Proof
01. ⊢ set ∅, empty_set_is_set.
02. ⊢ set {∅}, set_sg 1.
03. ⊢ ∅ ∈ {∅, {∅}}, in21 1.
04. ⊢ {∅} ∈ {∅, {∅}}, in22 2.
05. 5 ⊢ x ∈ X \ A, hypo.
06. 6 ⊢ x ∈ A, hypo.
07. 5 ⊢ ∅ ∈ {∅, {∅}}, wk 3.
08. 6 ⊢ {∅} ∈ {∅, {∅}}, wk 4.
09. ⊢ x ∈ X \ A → ∅ ∈ {∅, {∅}}, subj_intro 7.
10. ⊢ x ∈ A → {∅} ∈ {∅, {∅}}, subj_intro 8.
11. ⊢ ∀x. x ∈ X \ A → ∅ ∈ {∅, {∅}}, uq_intro 9.
12. ⊢ ∀x. x ∈ A → {∅} ∈ {∅, {∅}}, uq_intro 10.
13. ⊢ {t | ∃x. x ∈ X \ A ∧ t = (x, ∅)}
= {t | ∃x. x ∈ X \ A ∧ t = (x, ∅)}, eq_refl.
14. ⊢ {t | ∃x. x ∈ A ∧ t = (x, {∅})}
= {t | ∃x. x ∈ A ∧ t = (x, {∅})}, eq_refl.

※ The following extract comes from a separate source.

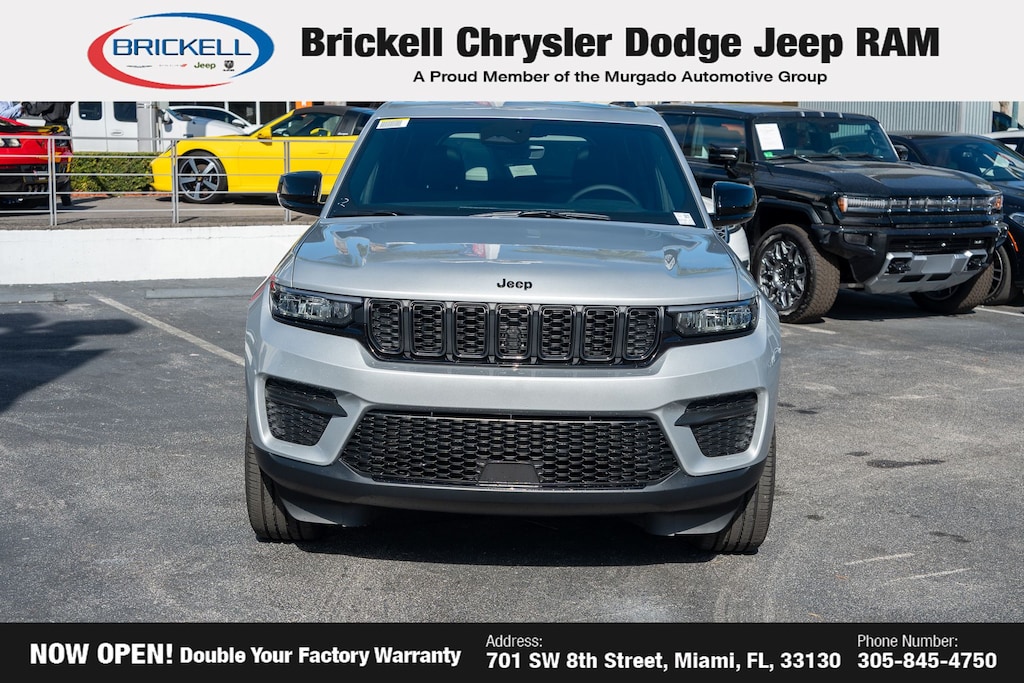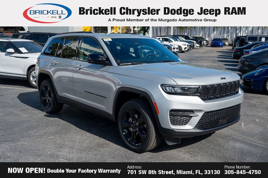 Price includes: $1500 - 2025 National Stellantis Loyalty Retail Bonus Cash . Exp. 02/02/2026 $2250 - 2025 National Retail Bonus Cash . Exp. 02/02/2026 $500 - 2025 National 2025 First Responder Bonus Cash. Exp. 01/04/2027 $500 - 2025 National 2025 Military Bonus Cash. Exp. 01/04/2027 $500 - 2025 South BC Retail Bonus Cash . Exp. 01/20/2026 Discover Your Next Vehicle at Brickell Chrysler Dodge Jeep Ram Welcome to Brickell CDJR, where we go beyond selling cars. We double the factory powertrain warranty, giving you added peace of mind. Our dealership offers one of the largest new car inventories in the region, ensuring you find the right vehicle Prices displayed do not included our Perma-plate. Our state-of-the-art service department is the largest in the country and is open seven days a week from 7 AM to 9 PM. Visit us at 701 SW 8th St, Miami, FL 33130, or call 305-777-2800 to learn more and schedule a test drive. The displayed price includes an incentive for financing with Brickell CDJR Finance Company. Outside financing and bank drafts are not accepted. All pre-owned vehicle exports are subject to an export fee. Prices apply only to customers who live, work, or worship in Broward, Miami-Dade, Palm Beach, Monroe, Collier, Hendry, Lee, Glades, Martin, St. Lucie, Okeechobee, Manatee, Hillsborough, Osceola, or Orange County. Customers outside these counties will pay an additional $ Taxes, title, registration, and dealer fees apply. Factory MSRP: $46,375 Silver Zynith 2025 Jeep Grand Cherokee Laredo RWD 8-Speed Automatic 3.6L V6 24V VVT

15. ⊢ map {t | ∃x. x ∈ X \ A ∧ t = (x, ∅)} (X \ A) {∅, {∅}},
map_from_term 13 11.
16. ⊢ map {t | ∃x. x ∈ A ∧ t = (x, {∅})} A {∅, {∅}},
map_from_term 14 12.
17. ⊢ A ∩ (X \ A) = ∅, intersection_rel_compl.
18. ⊢ (X \ A) ∩ A = A ∩ (X \ A), intersection_comm.
19. ⊢ (X \ A) ∩ A = ∅, eq_trans 18 17.
20. ⊢ map ({t | ∃x. x ∈ X \ A ∧ t = (x, ∅)} ∪
{t | ∃x. x ∈ A ∧ t = (x, {∅})}) ((X \ A) ∪ A) {∅, {∅}},
map_union_eq_rngs 15 16 19.
21. ⊢ map (χ A X) ((X \ A) ∪ A) {∅, {∅}},
eq_subst_rev indicator_eq 20, P t ↔ map t ((X \ A) ∪ A) {∅, {∅}}.
22. 22 ⊢ A ⊆ X, hypo.
23. 22 ⊢ (X \ A) ∪ A = X, diff_union_subclass 22.
24. 22 ⊢ map (χ A X) X {∅, {∅}},
eq_subst 23 21, P t ↔ map (χ A X) t {∅, {∅}}.
indicator_is_map. ⊢ A ⊆ X → map (χ A X) X {∅, {∅}}, subj_intro 24.
Dependencies
The given proof depends on 10 axioms:
comp, efq, eq_refl, eq_subst, ext, infinity, lem, pairing, subset, union.